What Exactly is a Cloud Development Kit (CDK)?
Imagine you're a developer who needs to set up a bunch of cloud resources. Traditionally, you might deal with endless lines of JSON or YAML configurations. It's precise but can get pretty tedious, right? Well, this is where a Cloud Development Kit, or CDK, comes in handy. Instead of those endless configuration files, you use a programming language you’re already comfortable with—like TypeScript, Python, or Java. This means you can code your cloud infrastructure just like you’d code anything else.

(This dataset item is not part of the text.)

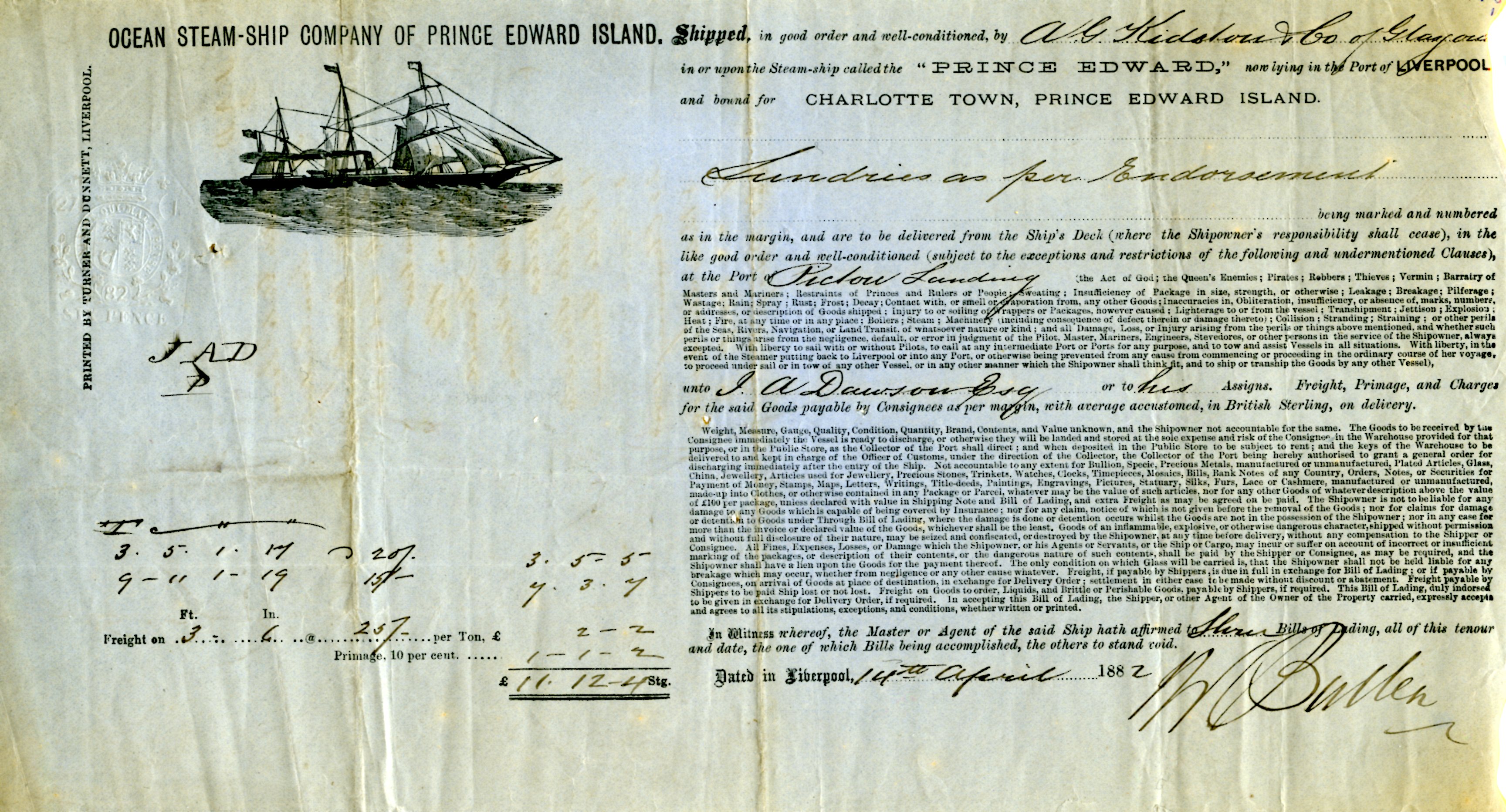 Shipment paper for J.A. Dawson, Esq., dated in Liverpool on the 14th of April, 1882.

Why is the CDK a Game Changer?
Let’s break it down:
Productivity on Steroids: Forget about switching gears between applications and infrastructure. Now, it's all in one place, with tools you already love (and understand!). Autocomplete, refactoring, and error checking are right there with you.
Reuse and Recycle: Craft a piece of infrastructure once, wrap it up into a component, and reuse it anywhere you need it. This not only saves time but also keeps your setups consistent.
Tailor-Made Solutions: Extend the basic setups with your own tweaks. Need a special kind of storage or a unique authentication method? Just code it in.
Transparent and Controlled: It’s all in your codebase, visible and version-controlled. Every change is clear and trackable—no surprises.
AWS CDK
AWS was one of the first to jump on this bandwagon with their CDK. It takes the power of AWS CloudFormation and makes it friendlier. Instead of wading through those YAML or JSON templates, you write in a comfortable, expressive programming language.
Here’s an example of AWS CDK with TypeScript:
import * as cdk from '@aws-cdk/core';
import * as s3 from '@aws-cdk/aws-s3';
class MyCloudStack extends cdk.Stack {
constructor(scope: cdk.Construct, id: string, props?: cdk.StackProps) {
super(scope, id, props);
// Setting up an S3 bucket with version control
new s3.Bucket(this, 'MyFirstBucket', {
versioned: true,
removalPolicy: cdk.RemovalPolicy.DESTROY,
});
}
}
const app = new cdk.App();
new MyCloudStack(app, 'MyCloudStack');
See how intuitive and straightforward defining cloud resources can be with CDK. It’s just like writing any other piece of software!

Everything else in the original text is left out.